The costs most founders forget to include
One of the most common mistakes founders make is underestimating their cost of goods sold. This usually happens because they only include the largest or most visible expenses and ignore the rest.
True costs include far more than the base product. Packaging materials such as boxes, tissue paper, stickers, tape, inserts, labels, and protective wrap all count. So do transaction fees, payment processing charges, freight surcharges, storage costs, quality control, wastage, damaged stock, and even the time spent packing and handling orders if labour is involved.
Individually, these costs may seem insignificant. Together, they can materially change your margins. When they are excluded, pricing decisions are based on incomplete information, which creates problems later.
The danger of scaling with inaccurate numbers
Many small businesses fall into the trap of believing that higher volume will solve their problems. When cash flow feels tight, the instinct is often to sell more. But if your margins are wrong, increasing volume can actually make things worse.
Scaling a business with inaccurate costs doesn’t fix the underlying issue. It amplifies it. Every additional unit sold compounds the margin error, which means losses grow alongside revenue. This is often why businesses feel busier than ever yet struggle financially.
Growth should reduce pressure, not increase it. If growth feels overwhelming, it’s often a sign that the business model needs tightening, not expanding.
How to calculate your true cost of goods sold
Calculating accurate costs requires discipline, but it doesn’t need to be complicated. Start by listing every component involved in delivering your product or service to the customer. Be thorough. If it touches the product, supports fulfilment, or is required to complete the sale, it belongs on the list.
Break costs down per unit wherever possible.
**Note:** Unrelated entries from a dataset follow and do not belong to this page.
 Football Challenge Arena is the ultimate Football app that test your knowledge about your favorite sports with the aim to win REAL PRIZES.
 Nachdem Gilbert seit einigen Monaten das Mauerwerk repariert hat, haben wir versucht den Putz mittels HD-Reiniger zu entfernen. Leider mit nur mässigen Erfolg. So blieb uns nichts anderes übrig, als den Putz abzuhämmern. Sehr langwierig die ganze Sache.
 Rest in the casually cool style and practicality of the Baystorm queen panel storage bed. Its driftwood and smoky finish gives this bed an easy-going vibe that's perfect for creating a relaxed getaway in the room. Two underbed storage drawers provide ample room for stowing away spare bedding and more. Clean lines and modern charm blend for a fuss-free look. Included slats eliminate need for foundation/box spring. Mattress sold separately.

This includes packaging, freight, transaction fees, and allowances for wastage or returns. Review these numbers regularly, especially if suppliers, shipping rates, or platforms change.
Accuracy matters more than perfection. The goal is not to predict every cent flawlessly, but to eliminate blind spots that distort decision-making.
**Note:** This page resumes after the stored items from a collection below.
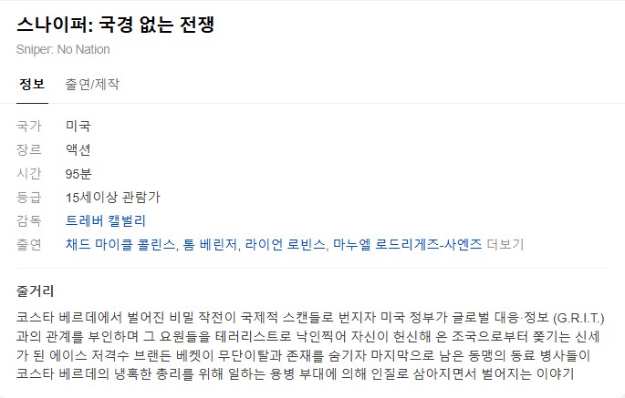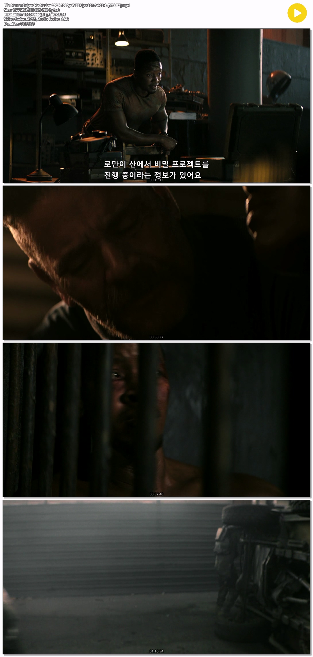 movie 영화 영화 액션 스나이퍼 [영화-액션] 스나이퍼- 국경 없는 전쟁.Sniper.No.Nation.2026.1080p.한글자막 person정용*** calendar_today2026.04.22 visibility3,806 download 다운로드 2개 파일 folder_zip Sniper.No.Nation.2026.1080p.WEBRip.x264.AAC5.1-[YTS.BZ].mp4 1.8 GB download folder_zip Sniper.No.Nation.2026.1080p.WEBRip.x264.AAC5.1-[YTS.BZ].srt download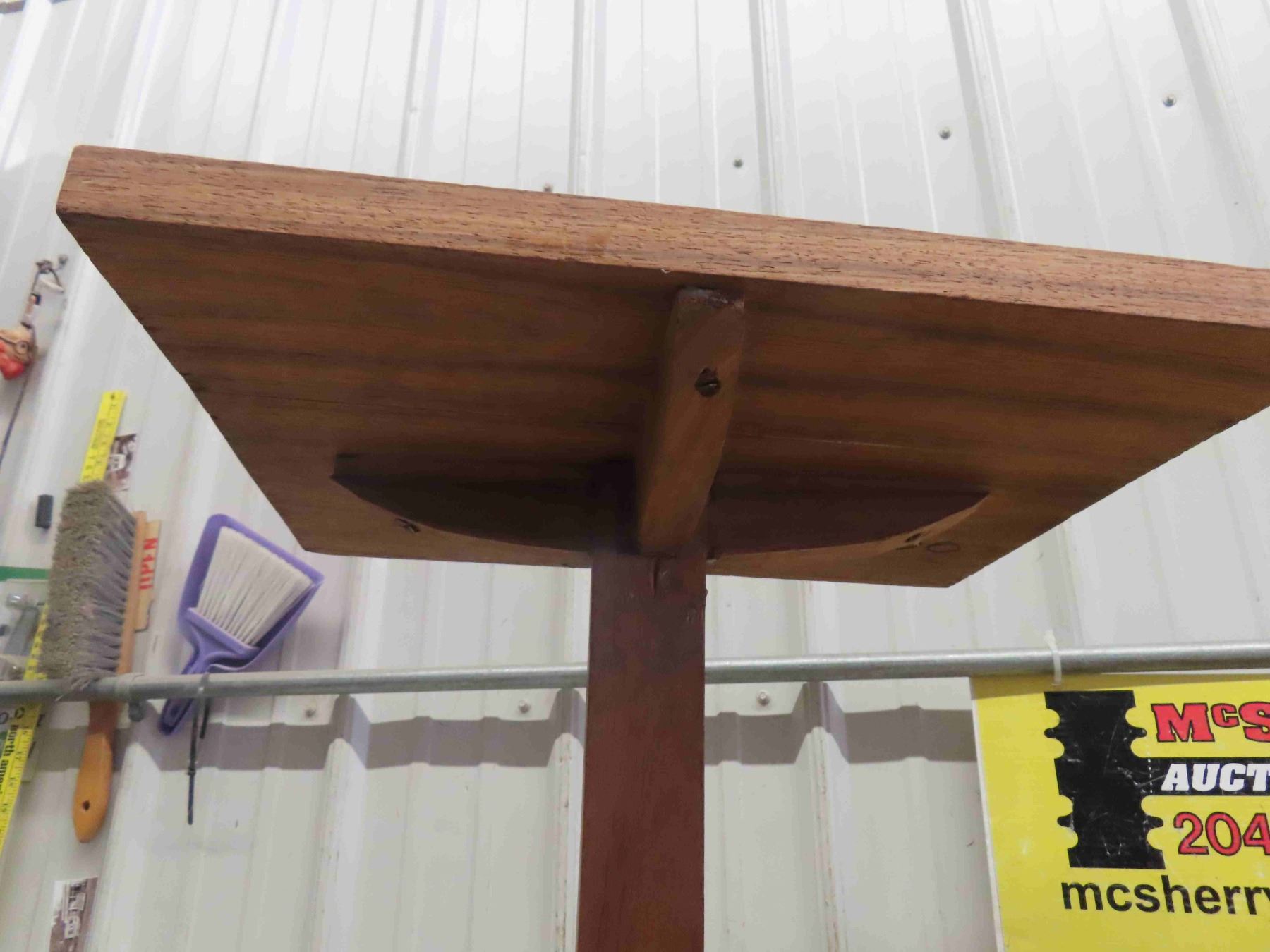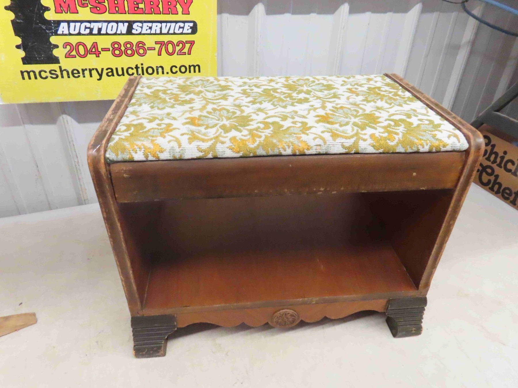 Upholstered Wood Bench 12" X 15" x 19" + Carved Top Table 14.5" x 18" x 23"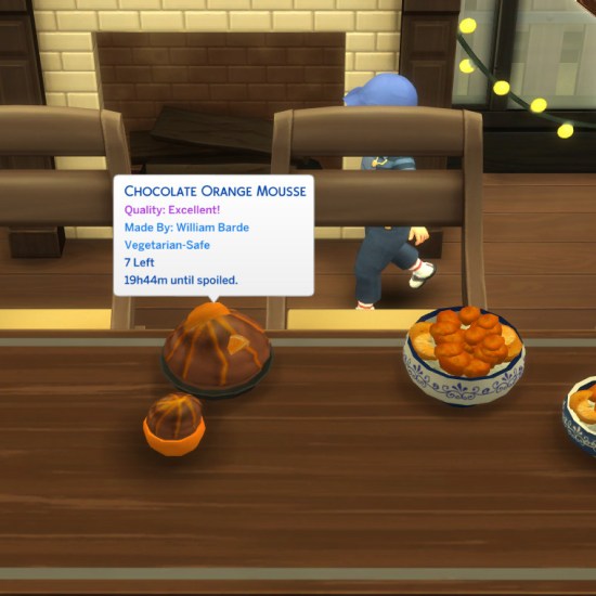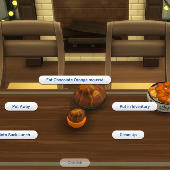 Adds a 2 custom cookable recipes to the game – Orange Chicken and Chocolate Orange Mousse. Requires Custom Food Interactions_Latestversion

Using margins to make better business decisions
When you understand your true margins, decision-making becomes clearer and more confident. Pricing conversations are easier because you know your minimum viable price. Marketing decisions are grounded because you understand how much you can afford to spend to acquire a customer. Wholesale opportunities can be evaluated properly rather than emotionally.
Strong margins also give you resilience. They create a buffer room for unexpected costs, slower months, or investment in future growth. Instead of constantly reacting to financial pressure, you can plan proactively.
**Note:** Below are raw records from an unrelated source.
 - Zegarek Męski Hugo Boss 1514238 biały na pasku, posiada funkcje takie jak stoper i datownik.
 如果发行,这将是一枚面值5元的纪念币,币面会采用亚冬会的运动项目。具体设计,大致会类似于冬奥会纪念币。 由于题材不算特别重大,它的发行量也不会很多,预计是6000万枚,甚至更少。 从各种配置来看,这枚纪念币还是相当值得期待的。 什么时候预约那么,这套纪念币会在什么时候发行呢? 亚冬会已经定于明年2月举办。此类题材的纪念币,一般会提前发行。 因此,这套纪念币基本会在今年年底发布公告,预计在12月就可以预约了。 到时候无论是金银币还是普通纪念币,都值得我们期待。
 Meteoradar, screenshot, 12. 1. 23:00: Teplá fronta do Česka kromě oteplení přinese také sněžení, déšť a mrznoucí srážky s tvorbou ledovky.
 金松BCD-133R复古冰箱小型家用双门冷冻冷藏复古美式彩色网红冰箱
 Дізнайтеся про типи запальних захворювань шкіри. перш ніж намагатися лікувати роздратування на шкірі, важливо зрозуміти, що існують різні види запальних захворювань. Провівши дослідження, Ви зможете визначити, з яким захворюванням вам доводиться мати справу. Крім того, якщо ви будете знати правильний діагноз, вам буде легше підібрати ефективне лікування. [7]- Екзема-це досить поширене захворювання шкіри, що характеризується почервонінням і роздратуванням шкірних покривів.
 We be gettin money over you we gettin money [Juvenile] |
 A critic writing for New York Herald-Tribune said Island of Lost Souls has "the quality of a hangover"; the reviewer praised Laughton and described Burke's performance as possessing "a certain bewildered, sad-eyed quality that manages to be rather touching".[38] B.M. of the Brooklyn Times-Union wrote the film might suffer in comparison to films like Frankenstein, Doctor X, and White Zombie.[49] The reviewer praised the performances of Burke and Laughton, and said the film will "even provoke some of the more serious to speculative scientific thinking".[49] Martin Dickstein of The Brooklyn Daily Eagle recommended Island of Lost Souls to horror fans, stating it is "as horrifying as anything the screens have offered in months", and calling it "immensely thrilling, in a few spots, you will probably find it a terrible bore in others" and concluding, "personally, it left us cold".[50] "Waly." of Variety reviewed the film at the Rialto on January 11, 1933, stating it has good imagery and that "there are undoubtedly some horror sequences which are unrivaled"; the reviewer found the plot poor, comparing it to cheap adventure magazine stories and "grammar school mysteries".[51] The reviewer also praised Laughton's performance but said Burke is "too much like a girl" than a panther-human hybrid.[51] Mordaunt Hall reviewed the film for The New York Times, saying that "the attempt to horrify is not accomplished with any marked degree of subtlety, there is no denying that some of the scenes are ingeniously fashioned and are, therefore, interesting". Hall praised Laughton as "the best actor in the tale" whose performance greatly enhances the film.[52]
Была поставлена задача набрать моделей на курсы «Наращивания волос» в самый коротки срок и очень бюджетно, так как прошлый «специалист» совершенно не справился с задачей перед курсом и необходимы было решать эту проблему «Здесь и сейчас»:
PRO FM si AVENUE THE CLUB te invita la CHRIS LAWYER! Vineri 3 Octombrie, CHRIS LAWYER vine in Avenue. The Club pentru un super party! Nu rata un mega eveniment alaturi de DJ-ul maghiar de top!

This clarity is especially important for founders who want to build sustainable businesses rather than chasing short-term wins.
Why financial accuracy has shaped how I run my business
Before becoming a founder, I worked as a business analyst, and numbers were central to every decision I made. My dad is an accountant, which meant financial accuracy was always taken seriously. Small discrepancies were never ignored, because over time they add up.
That mindset carries through into how I run my own business today. When building Lunaire, understanding true costs from day one was non-negotiable. It allowed us to price confidently, invest intentionally, and grow without sacrificing long-term viability. Knowing the numbers created calm, not constraint.
Growth starts with clarity
Knowing your true costs is not about being overly conservative or pessimistic. It’s about building a business that can support you, your goals, and your life. When your numbers are accurate, growth becomes a choice rather than a gamble.
Founders who take the time to understand their margins properly put themselves in a far stronger position. They make better decisions, experience less stress, and build businesses that last.